A quantum superposition of a tiger and a bear
Here is a picture of a tiger and a bear overlaid on to one another. Though there are many ways one might try to achieve this effect, I used a rather exotic one: I created a quantum superposition of them on a quantum computer.
Before we get onto what quantum computers are, let’s have a quick primer on the more familiar ones. Normal computers are built of bits: tiny chunks of information that can take the value 0or 1.
Bits can also be combined to make bit strings, like 0001 or 0010. These are a powerful way to encode pretty much any information. The simplest example is using them for numbers: 1 is 1, 10 is 2, 100 is 4 and so on for all the powers of 2 and everything in between.
Quantum computers are instead made of qubits. Like bits, these can take the values 0and 1, and we can combine them to make strings too. If we wanted, we could just use qubits as an alternative type of bit.
This would be a pretty expensive thing to do, as qubits need a lot more care and attention than bits. But since IBM offers prototype quantum processors for free on the cloud, it is not us that will have to pay the expense.
So let’s write some things with qubits!
The easiest thing to write are numbers, but they are a bit boring. So let’s go for text instead. The ASCII standard provides a way of assigning strings of letters, numbers and punctuation into strings of bits. This means we can use IBM’s 16 qubit cloud device to encode some emoticons.
Here’s a couple of emoticon bit strings we could use.
;) = 00111011 00101001
8) = 00111000 00101001We are obviously not getting the full advantages of qubits when we just use them for emoticons. This comes not from how we encode information, but how we manipulate it. Rather than being restricted to the standard logic gates at the heart of normal computers, we can do more intricate quantum operations as well.
In some sense, these operations can allow a qubit to be both 0 and 1 at once: a quantum superposition. Quantum computers can then use these superpositions to create interference effects, just as we see when waves superpose. These effects can then be harnessed in our quantum programs, allowing us to find shorter routes between input and output.
But if we go back to just messing around with emoticons, we can use this functionality to create a superposition of ;) and 8).
When we do this, we extract the output directly from the superposition. Because of this, we don’t see any of the subtlety of the interference. Instead, it just serves as a generator of random bit strings for ;) and 8).

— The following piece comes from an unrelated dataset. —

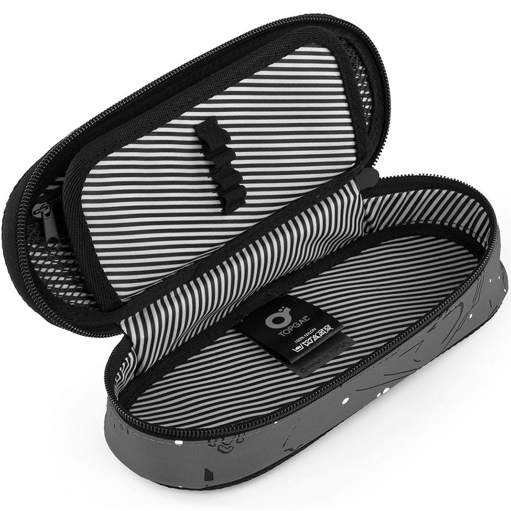 Vnútri púzdra nájdete sieťovú kapsičku na zips a klopu s deviatimi gumičkami. Voľný priestor pod chlopňou umožňuje umiestniť ďalšie písacie potreby. Vďaka polstrovaniu sa ceruzky a pastelky zaručene nedolámu! Zipsy majú veľké ťaháčiky, tým pádom je ich obsluha bezproblémová.

These random outputs, combined with Matplotlib, can then be used to construct an image to represent the superposition.
Now let’s use the same principle, but do something more complex than just emoticons. Let’s superpose photos!
To do this, we need to give the photos a binary encoding. For a given set of binary strings, we assign each a certain image. This basically just means that we’ll take a bunch of image files, and give them binary strings as file names.
I chose to use a bunch of pictures of animals from Wikimedia Commons. With simple (but not too simple) strings of four bits, we can have 16 different images.
Now all we need to do is choose two images to superpose. For example, I went for 0010 (the bear) and 0001 (the tiger). Once this choice is made, we know which bit strings we need to create a quantum superposition of.
Creating the superposition requires us to tell some qubits what to do. For that we need a quantum program. We’ll also need to send it to a quantum processor, because that’s where qubits live. Fortunately, neither of these things are as scary as they sound!
Most of the programming is already set up for you in a Jupyter notebook. This sets up the job and sends it to one of IBM’s quantum devices, using the QISKit quantum SDK.
The result should, ideally, spit the two chosen results out with 50/50 probability. But rather than just rely on the maths to predict what the quantum computer will do, let’s actually make one do it. We’ll run the program many times and use the results to estimate the probabilities. These will then be used to mix the images together in a weighted average, with the strength of each image given by the probability of its filename.
The only part missing from the notebook is the most important part: setting up the superposition. This is the quantum heart of the program, and it is the part that you’ll need to change if you want to superpose a different pair of images. But don’t worry, I made a game help you through it.
The image superposer mode of this game will let you choose the file names, and lead you though the process of superposing them.
With this, I wrote the code snippet needed to create my tiger and bear superposition. Then I used the Jupyter notebook to send the job to a real quantum device. And in the end, I got an image.
Half tiger and half bear, or thereabouts. Due to noise in current quantum devices, there are also slight traces of other animals. These arise because the quantum computer occasionally spits out their file names in error. Most prominent is a rhino, whose horn can be seen just above the bear’s right paw.
Now you have all you need to create your own quantum art. If you don’t like the images I chose, just find 16 of your own and give them the binary filenames instead. But if you send your sweetheart a quantum superposition of you together, beware of the photobombs caused by quantum noise!